Computer science lecturer and Ph.D. student Bhuvana Gopal has published two papers she will present at the SIGCSE 2021 virtual conference on computing education.
Gopal was advised by Dr. Stephen Cooper. Both papers explored the topic of Peer Instruction (PI), an active learning pedagogy in which students actively participate in the classroom. There have been several research studies regarding the value of PI in computer science.
The first paper, “Peer Instruction in Software Testing and Continuous Integration,” adds to this body of knowledge by examining outcomes from an undergraduate software engineering course with specific focus on the effects of PI on student learning in the topics of unit testing, integration testing, and continuous integration. Results show encouraging increases in levels of success as measured through a cognitive pre- and post-course survey for those topics. This work also documents and hypothesizes reasons for the cognitive gains from PI, as well as student attitudes towards PI.
The second paper, “Peer Instruction in Software Engineering – Findings From Fine Grained Clicker Data,” discusses the results of replicating and modifying a study performed by Zingaro and Porter examining the relationship between fine grained clicker data from in class Peer Instruction and students’ performance in quizzes and exams. The paper reports overall answer correctness when students vote before and after PI discussion, track student response patterns from in-class to the quizzes and exam, and quantify absolute percentages of students that demonstrate longer-term learning from the PI process. The results show that students who learn in class from PI perform well on the quizzes and the final exam, nearly as well as those who understood concepts prior to the classes in which those concepts were taught. Research also found that those who fail to learn from the PI process in class perform worse on quizzes and the final exam. More significantly, research found PI to be an effective way to teach our software engineering course based on student learning before and after PI, a result unique to the study. The results were consistent across the different topics in software engineering in which researchers employed PI.

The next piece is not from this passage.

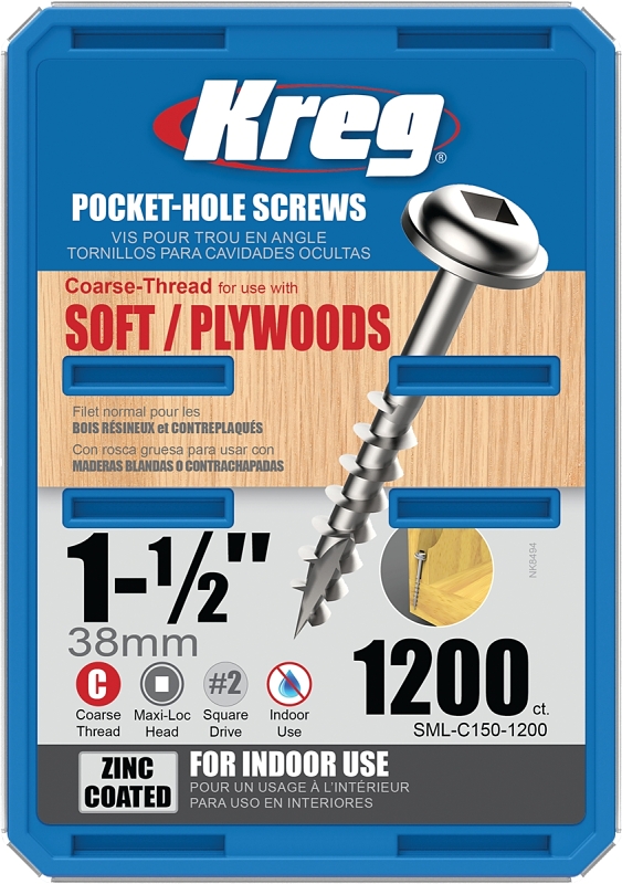 Kreg SML-C150-1200 Pocket-Hole Screw, #8 Thread, 1-1/2 in L, Coarse Thread, Maxi-Loc Head, Square Drive, Carbon Steel
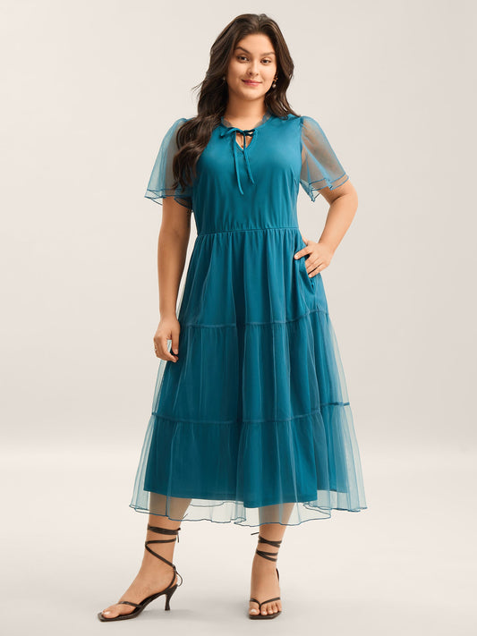 Stretchy Waist Neck Tie Sheer Midi Dress

The Technical Symposium on Computer Science Education is organized by the ACM Special Interest Group on Computer Science Education (SIGCSE) and is the organization’s flagship conference. It has been held annually in February or March in North America since 1970. The SIGCSE organization provides a forum for educators to discuss issues related to the development, implementation, and/or evaluation of computing programs, curricula, and courses, as well as syllabi, laboratories, and other elements of teaching and pedagogy.